* Task instructions
Retype the line in which "Nuestro dosel de" appears, then every line after it until the records end. Leave out the pictures.

BEGIN Data shown

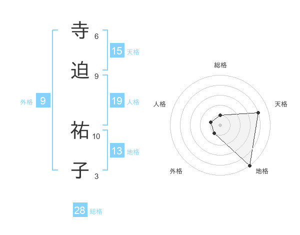 寺迫 祐子さんの天格は15画の4点!
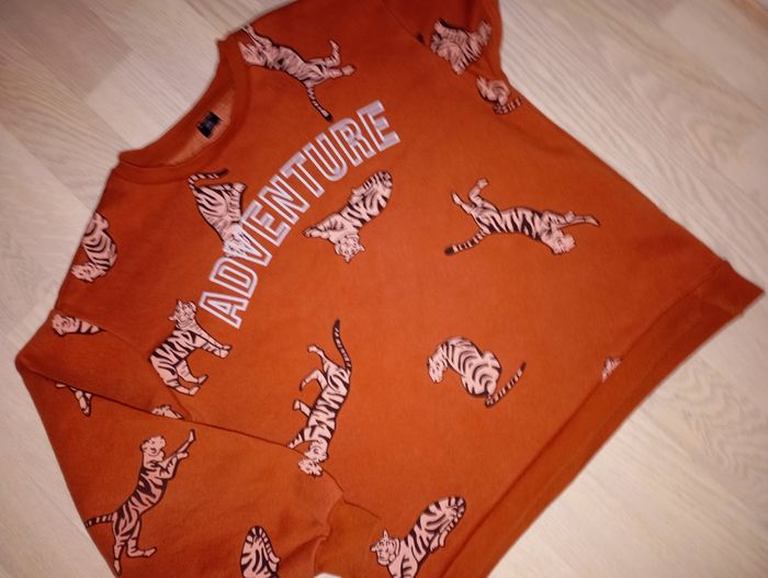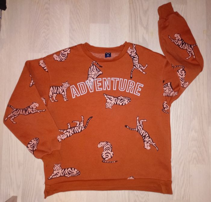 Sweatshirt brique motifs tigres Marque : Kiabi T. 10 ans Très bon état général
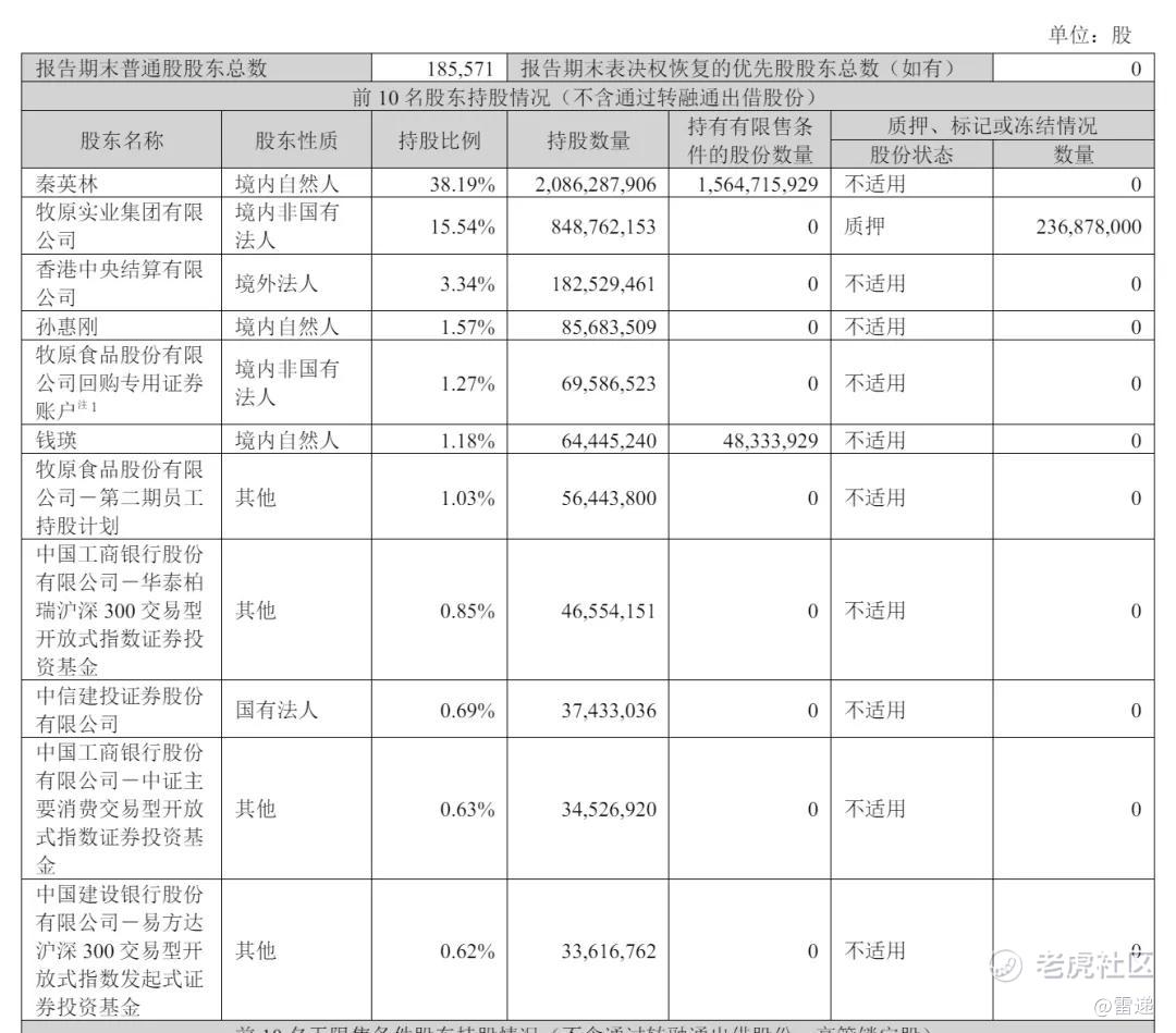 截至2025年9月30日,秦英林持股为38.19%,牧原实业集团有限公司持股为15.54%,香港中央结算有限公司持股为3.34%,孙惠刚持股为1.57%,牧原食品股份有限公司回购专用证券账户持股为1.27%,钱瑛持股为1.18%,牧原食品股份有限公司-第二期员工持股计划持股为1.03%。
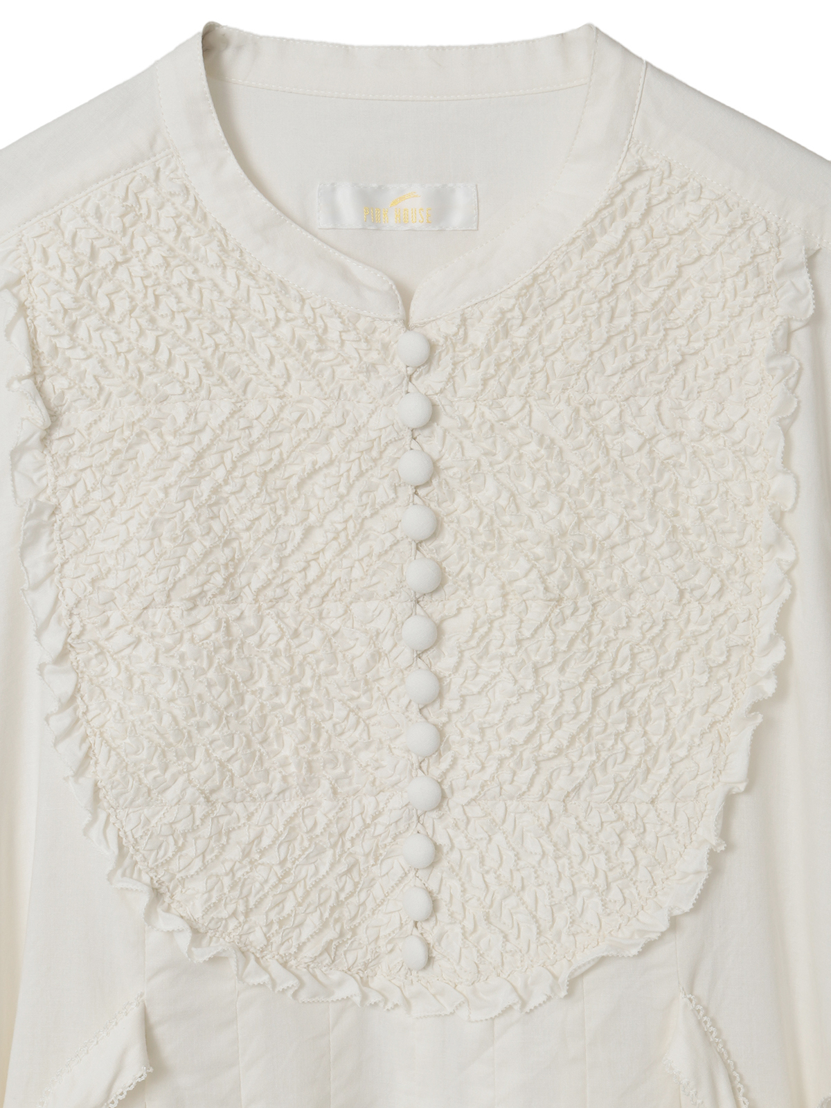 ほんのりスタンドカラーのシャツタイプのデザインがフロントの華やかさを引き締めています。
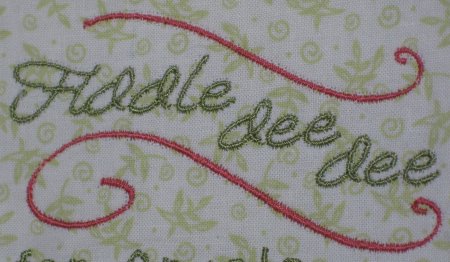The Embroidery Part From Amazing Designs, I serendipitously found a free design with the words "Fiddle dee dee"! How perfect! (I can't find this freebie on their website any longer). The only aspect that I was concerned about was the outline stitches. The fabric being embroidered needs to be stabilized properly AND the design needs to be digitized properly for the outline stitches to track properly.
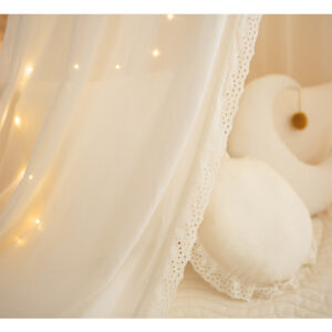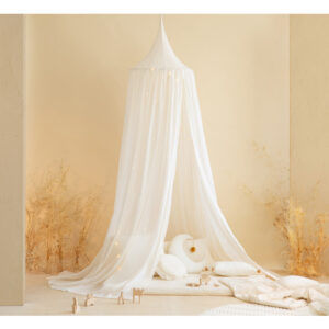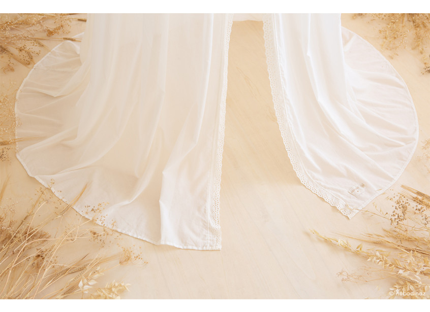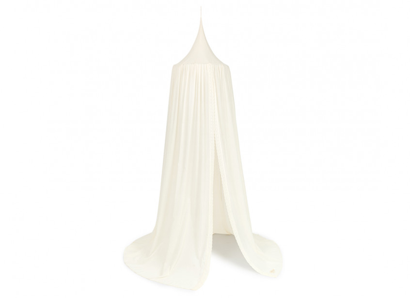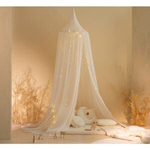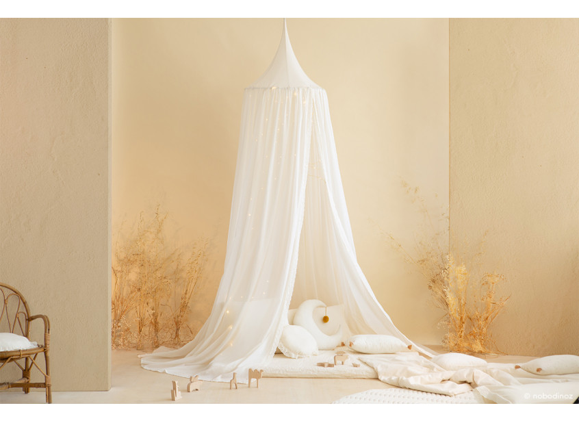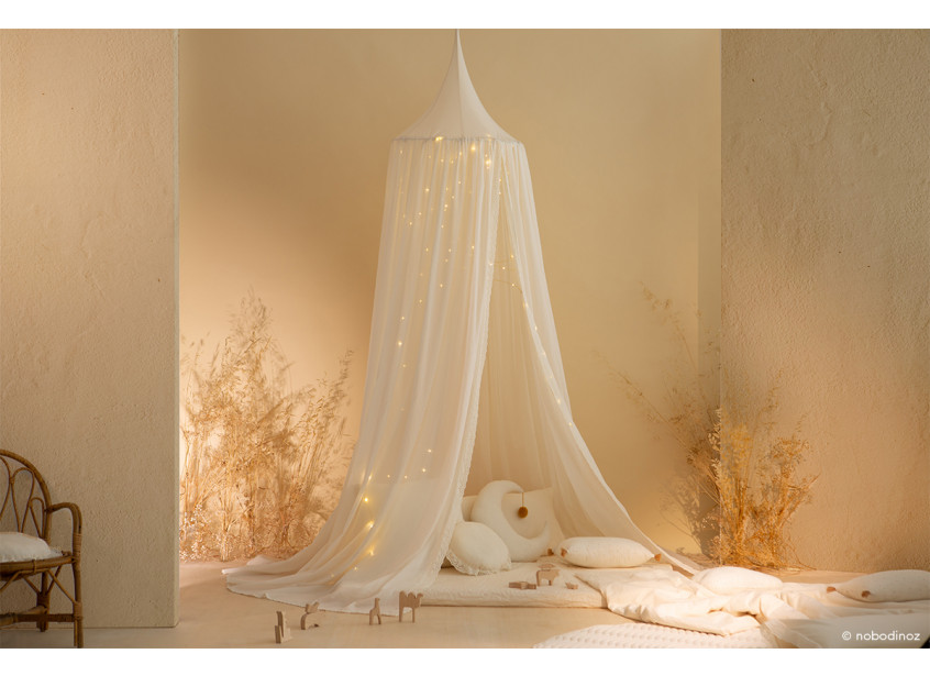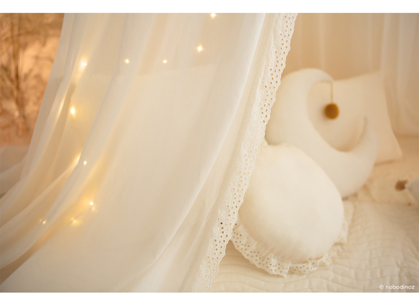 Nuestro dosel de cama VERA, en voile de algodón, decorado con delicados encajes, aporta un toque de poesía y ligereza al dormitorio de su hijo.
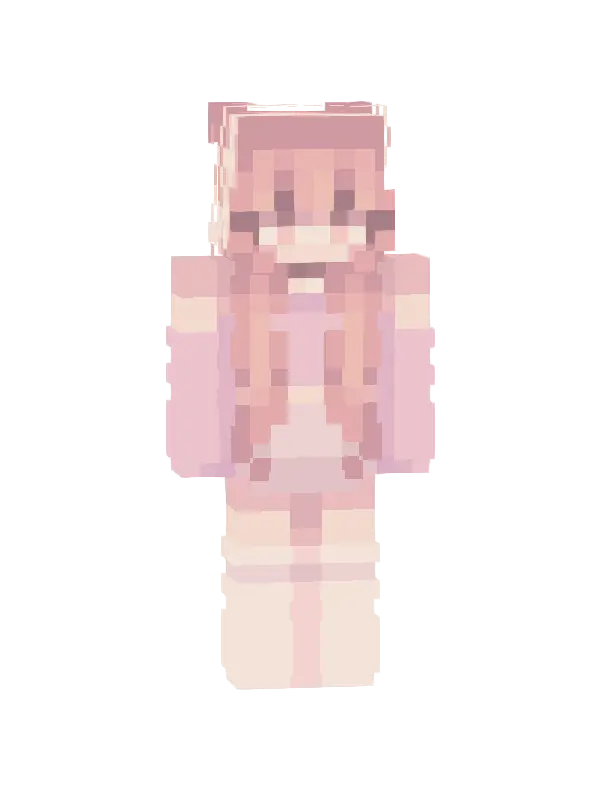 Skin Minecraft stylowej dziewczyny z długimi różowymi włosami, białą sukienką i eleganckimi dodatkami. Idealny dla fanek kawaii w grze!

END Data shown

* Your response
 Nuestro dosel de cama VERA, en voile de algodón, decorado con delicados encajes, aporta un toque de poesía y ligereza al dormitorio de su hijo.
 Skin Minecraft stylowej dziewczyny z długimi różowymi włosami, białą sukienką i eleganckimi dodatkami. Idealny dla fanek kawaii w grze!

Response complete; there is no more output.